Anne Klein (born Hannah Golofsky; August 3, 1923 – March 19, 1974) was an American fashion designer and businesswoman, the founder and namesake of Anne Klein & Company  (owned by WHP Global as of July 2019).

She co-founded Anne Klein & Company in 1968 with Gunther Oppenheim, and within ten years her designs were being sold in over 750 department stores and boutiques in the USA.

Her design career began in 1937 when she was awarded a scholarship to attend the Traphagen School of Fashion, which led to her first job as a sketcher for dress firms on 7th Avenue.

In 1948 she married clothing manufacturer Ben Klein, with whom she launched the Junior Sophisticates clothing line. Junior Sophisticates offered styles to younger women with smaller figures. Anne Klein was the principal designer at Junior Sophisticates until 1960, when her marriage ended. In 1963, she married her second husband, Matthew "Chip" Rubinstein, and in 1968, they founded Anne Klein & Company at 39th Street. She also opened Anne Klein Studio at 57th Street.

Beginning in 1954 with the Mademoiselle Merit Award, Anne Klein won numerous fashion awards and gained international recognition.

In 1967, she patented a girdle designed for the miniskirt.

In 1973, she was the only woman invited to participate in the Battle of Versailles, a competitive fashion show consisting of five American designers against five French designers, intended to raise money for renovations at Versailles <ref name="fashion"</ref)

On March 19, 1974, Anne Klein died of breast cancer at Mount Sinai Hospital, New York, NY.

Early life and education 

Anne Klein was born August 3, 1923, in Brooklyn, New York, as Hannah Golofski.  Her father, Morris Golofski, owned a fleet of taxicabs; her mother was Esther Golofski. She was known to say that she changed her name from Hannah to Anne because it was more aesthetically pleasing.

It was while studying art at Girls' Commercial High School (now known as Prospect Heights High School) that she discovered her talent for design. Within a year's time, she was employed at her first job in the garment industry with Varden Petites. There, she worked to redesign the firm's collection and introduced a new style of ready-to-wear clothing for young, smaller figured women that would come to be known as "Junior Miss".

In 1937 she was awarded a scholarship to attend the Traphagen School of Fashion which led to her first job as a sketcher for dress firms on 7th Avenue. She started her fashion career while at the Traphagen School of Fashion in New York City, studying between 1937 and 1938.

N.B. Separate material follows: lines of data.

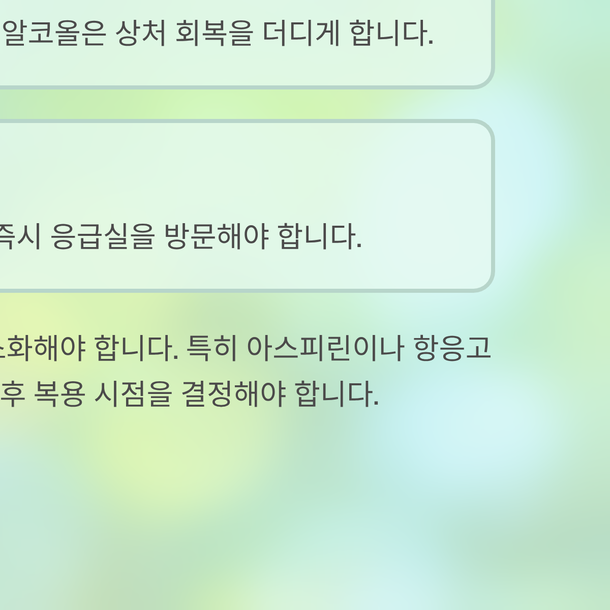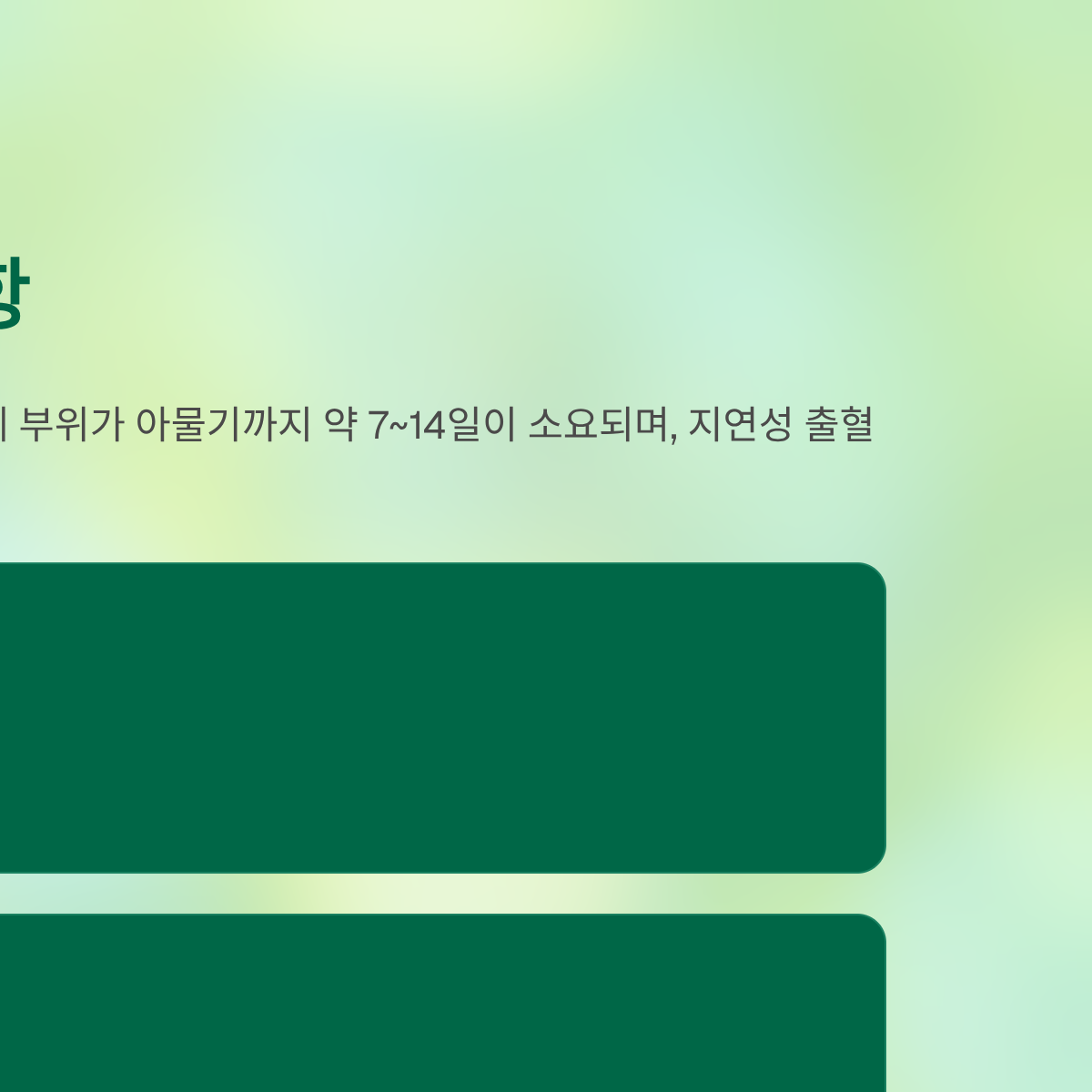 - 실전 팁: 1주일간은 '환자'라는 생각으로 자극을 최소화해야 합니다. 특히 아스피린이나 항응고제를 복용 중이라면 주치의와 반드시 상의 후 복용 시점을 결정해야 합니다.
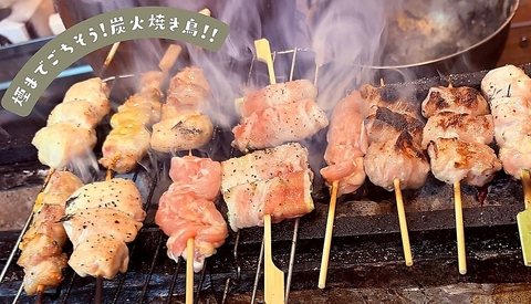 炭火のいい香りがお酒のおつまみぴったり!!外はカリっと中はジューシーなやきとりの理想的な食感です♪
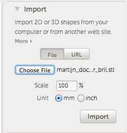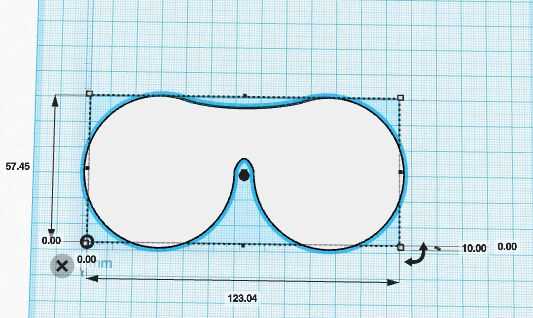 Hacer un diseño nuevo e importar el archivo SVG que creó: escala a 10mm de alto y 100%. Compruebe que el ancho coincida con sus medidas - con la herramienta regla bajo los ayudantes desplegable a la derecha. Asegúrese de que el espacio alrededor de las lentes es de 4mm como mínimo, otra cosa tienes piezas muy delgadas de los vidrios y luego podría romper fácilmente.
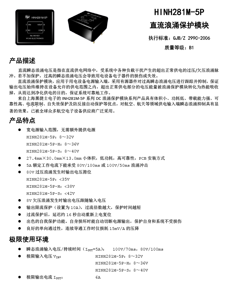 額定DC28V/5A,全國(guó)產(chǎn)過壓浪涌保護(hù)模塊,帶限流保護(hù)功能。滿足GJB298、GJB181、DO160E等標(biāo)準(zhǔn),PCB安裝。
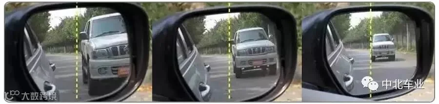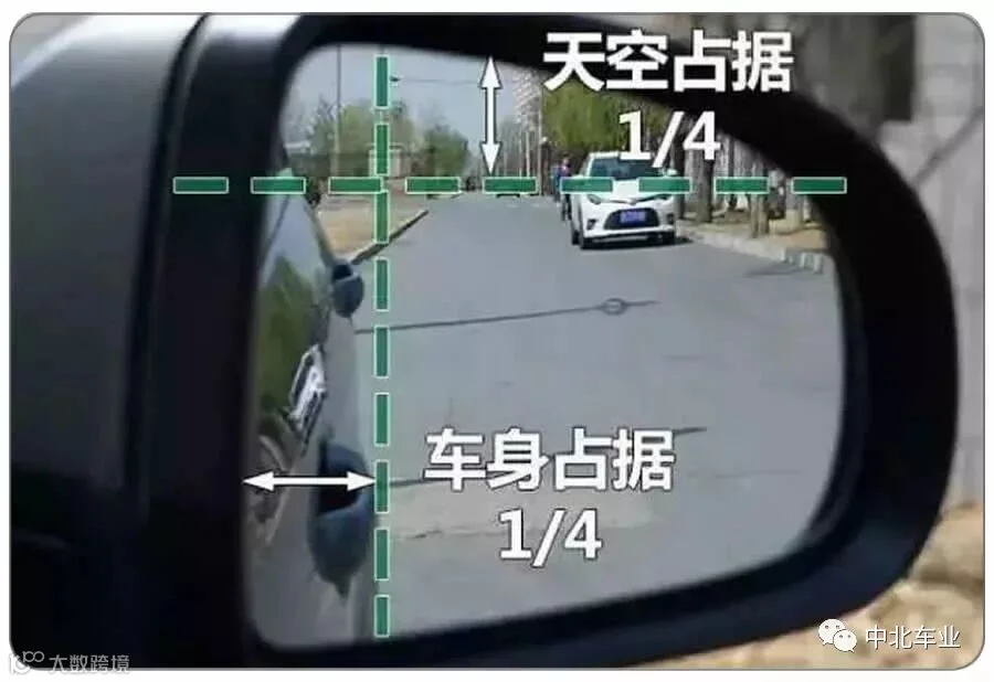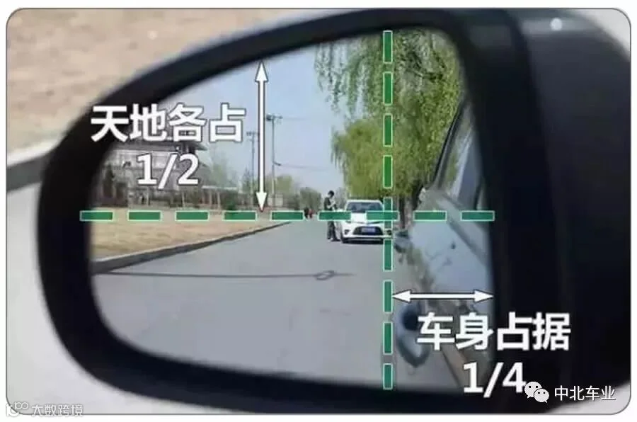 左侧外后视镜调节应为上下各占一半,也就是天地之间1:1的比例,左3/4右1/4(1/4面积靠近车身),能看到后车门的门把手。
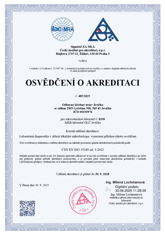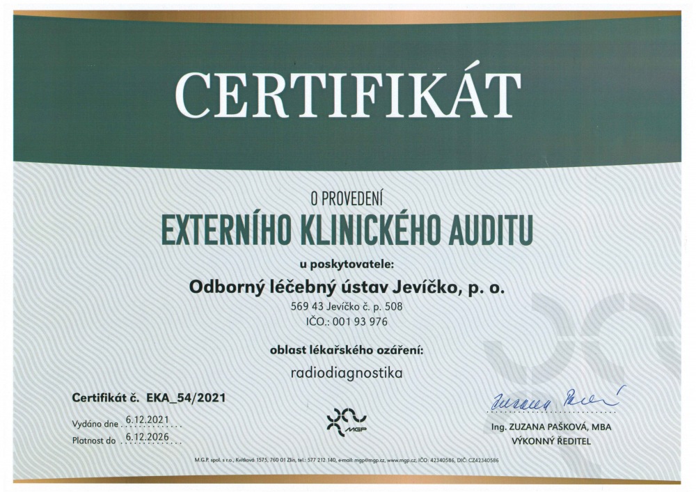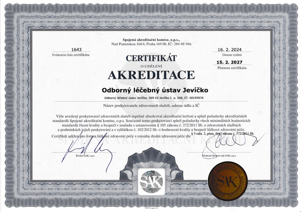 Certifikát kvality a bezpečí poskytované zdravotní péče jsme obhájili již potřetí. První certifikát jsme obdrželi v roce 2017. Splněním akreditačních standardů jsme opět potvrdili, že je v naší léčebně poskytována pacientům péče na vysoké a odborné úrovni. Získání certifikátu bylo odměnou pro všechny zaměstnance OLÚ Jevíčko za tříletou práci, úsilí, pečlivost a trpělivost při poskytování péče našim pacientů.
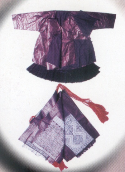 服饰 用自产藏青色亮布缝制。建国以来改为买纱自织自染。衣和裙无刺绣。衣无领,开右衽大襟,钉3至4颗布扣,条件好的用银、铜制扣。穿短裙,群皱多达七八百褶左右。冬季逢节日,一次穿上10余铺,使外层裙褶向上收缩、向外张开,如撑开的大伞状。 腰饰 包括腰带和围腰。腰带有黄、红、蓝赭黑等色,用5色丝线纱织成各种图案,可缠腰3周有余,带头有缨须,打结于腰后。围腰由大小4幅蔵青色亮布制成,绣有各种花纹图案。
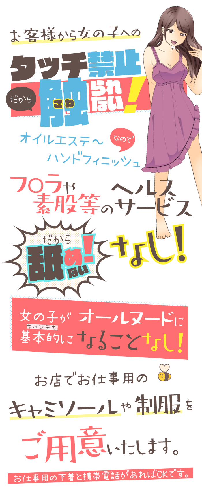 当店がオススメの理由としては、「プレイ時間の大半はオイルマッサージ」「露出はキャミソール~トップレス迄」「女の子の受身プレイ無し」「最後は手コキのみでフェラや素股無し」の性感エステ店舗だからです。又、仰向けの性感マッサージもお客様から遠い位置にいますのでお客様のタッチが届く距離ではありません。ですので取り組みやすいと思います。
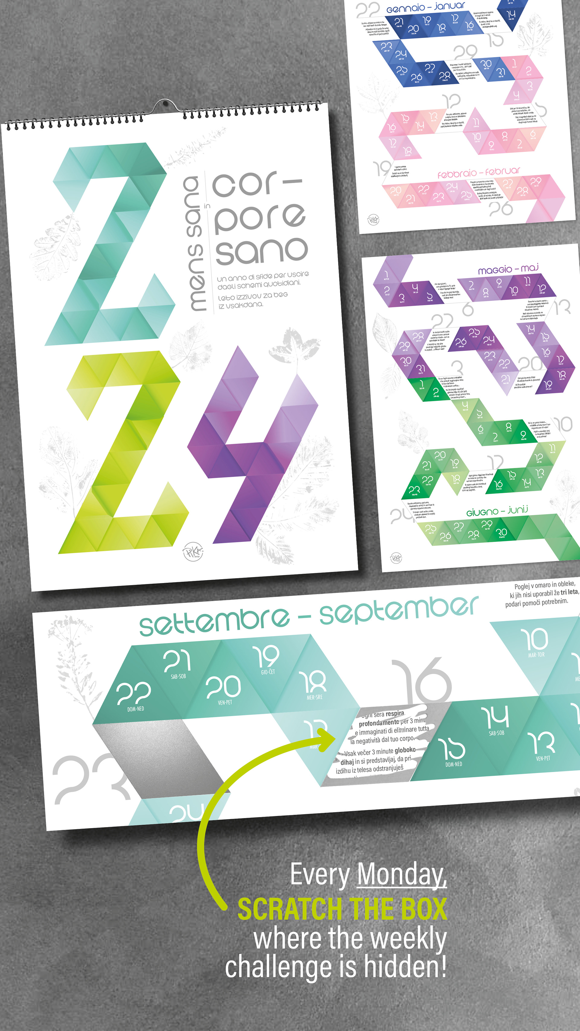 Each week hides a new challenge behind a scratch-off surface—52 in total—designed to spark curiosity and reflection. Bilingual in Slovenian and Italian, the calendar is inclusive and regionally rooted.
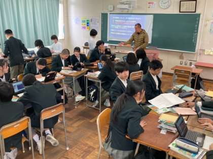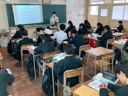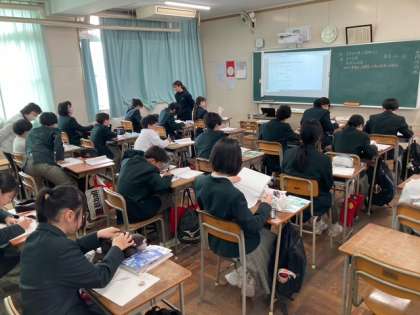 2年生の授業風景です。 1組は国語科、2組は理科、3組は数学科に取り組んでいます。

Fashion Career 1940s and 1950s

In 1940, Anne Klein began making a name for herself as a designer. She first began designing for Maurice Rentner at his business, Maurice Rentner, Inc., which produced ready-to-wear designs for men and women.

In 1944, Anne Klein joined Bonnie Cashin and Claire McCardell to form a female design trio who laid the foundations of American sportswear.

In 1948 she married clothing manufacturer Ben Klein and they launched the Junior Sophisticates label. Junior Sophisticates offered elegant styles to younger women with smaller figures. Anne Klein was the principal designer at Junior Sophisticates until 1960, when her marriage ended. It was during this time of ready-to-wear fashion, "modern" designs for women, and an increase in the number of women in the workplace that Klein was one of the first to introduce, and to become known for, "separates": individual pieces which work together as a whole, as opposed to dresses.

About this time she began winning awards in the fashion industry including:

1954 she was awarded the Mademoiselle Merit Award.

1954 she was awarded the Coty American Fashion Critics Award.

1959 she was awarded the Neiman-Marcus Fashion Award for the first time, leading to international recognition as a fashion designer.

Fashion Career 1960s and 1970s 

In 1960 her marriage to Ben Klein ended, as did her association with Junior Sophisticates.

During the early 1960s, after her divorce from Ben Klein, she kept the name Klein and worked as a freelance designer, reinvigorating well-known but faltering lines such as Pierre Cardin coats and Evan-Picone.

This freelance work helped to fund her 1963 opening of Anne Klein Studio on 57th Street. Also in 1963 she married a second time to Matthew "Chip" Rubenstein.

In 1961 she was one of a select group to win the American Creativity Award.

In 1964 she was awarded the Lord & Taylor Rose Award for independent thinking, an award first given to Albert Einstein.

In 1968, she established the Anne Klein & Company label as director and co-owner with her husband, on 39th Street. The label was opened in collaboration with investor Gunther Oppenheim, a fashion industry stalwart. The next ten years saw an expansion of the business, with over 750 department stores and boutiques in America selling her designs.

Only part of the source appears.